In regard to performance impact of nonclustered index compression or columnstore clustered index, as I understood from the comments there is a slight hit on the writes (any numbers available?) and increase of CPU usage (~ 2.5%).
What about reading the data? Is there any performance impact?
Great question, and I have a whole class dedicated to it! Click Training at the top of the page and check out my columnstore class.
Was this an exercise to learn internals? To what purpose? Did execution time improve? Space savings doesn’t seem significant.
50%-75% compression doesn’t seem significant? Interesting! Well, I’ll have to give up on trying to impress Brenda Grossnickle.
Compresion ratios are impressive. But overall there was a savings of 8 mb?
Read the “In summary” section again, slowly. Out loud perhaps. Sound the words out.
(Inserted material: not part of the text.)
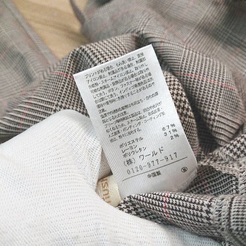 ◇ HusHusH ハッシュアッシュ タータン チェック フリル ワンタック セットアップ サイズM ブラウン レディース E

You can do it – I believe in you.
Kinda.
it looks as there is an error in the script part about the “What About Columnstore?”
when you create the Index you use these commands
Transact-SQL
CREATE INDEX NCCI_TimeItHappened ON dbo.AllDifferent(TimeItHappened);
CREATE INDEX NCCI_TimeItHappened ON dbo.AllTheSame(TimeItHappened);
And both index are 17.7MB, same as a normal index, and this script only create a normal nonclustered index.
The Script should have been:
CREATE COLUMNSTORE INDEX NCCI_TimeItHappened ON dbo.AllDifferent(TimeItHappened);
CREATE COLUMNSTORE INDEX NCCI_TimeItHappened ON dbo.AllTheSame(TimeItHappened);
And now the size are 2.8MB for AllDifferent, and 10.5MB for AllTheSame, better than the normal index.
Same size as clustered columnstore, later in the blog.
and of cause i write size wrong, should have been:
And now the size are 10.5MB for AllDifferent, and 2.8MB for AllTheSame.